I'm getting ahead of myself but sometimes you just can't help but worry. For a long time I've been concerned that when Ainsley's swelling goes down and we try to take the trach out there will be collapse where the trach was. She has a very bumpy stoma and in general has issues with scarring. And when we do a slow trach change it appears to cave in there when she tries to breath, almost like a vacuum is sucking from the inside, which in a way I suppose it is.....her lungs.
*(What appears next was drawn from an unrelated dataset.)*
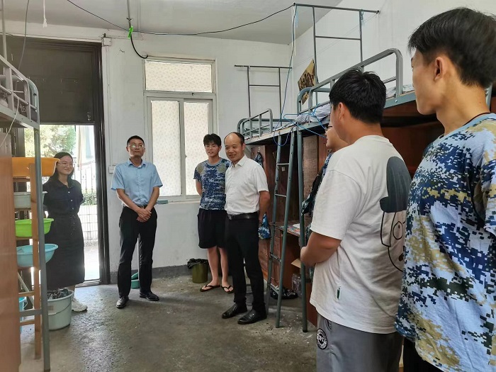 为深入了解2022级新生入住情况,引导新生更好地适应大学生活,9月16日下午永利23411集团党总支副书记张爱民、党总支副书记胡建伟及2022级新生辅导员深入新生宿舍,走访看望2022级新生。

Aside from the obvious, having a doctor diagnose with a scope, are there any signs that a child's trachea is likely to collapse at the stoma?

What do other people see when the trach comes out during a trach change?

Celia's looks like the same thing!!!! Her stoma sucks in so much you can't see the whole, sometimes I have to pull at the skin at the side of the stoma to see it to get the trach back in.
Surely though they can fix that if the trach is going to come out for good. Such amazing things they can do now with the airway!!!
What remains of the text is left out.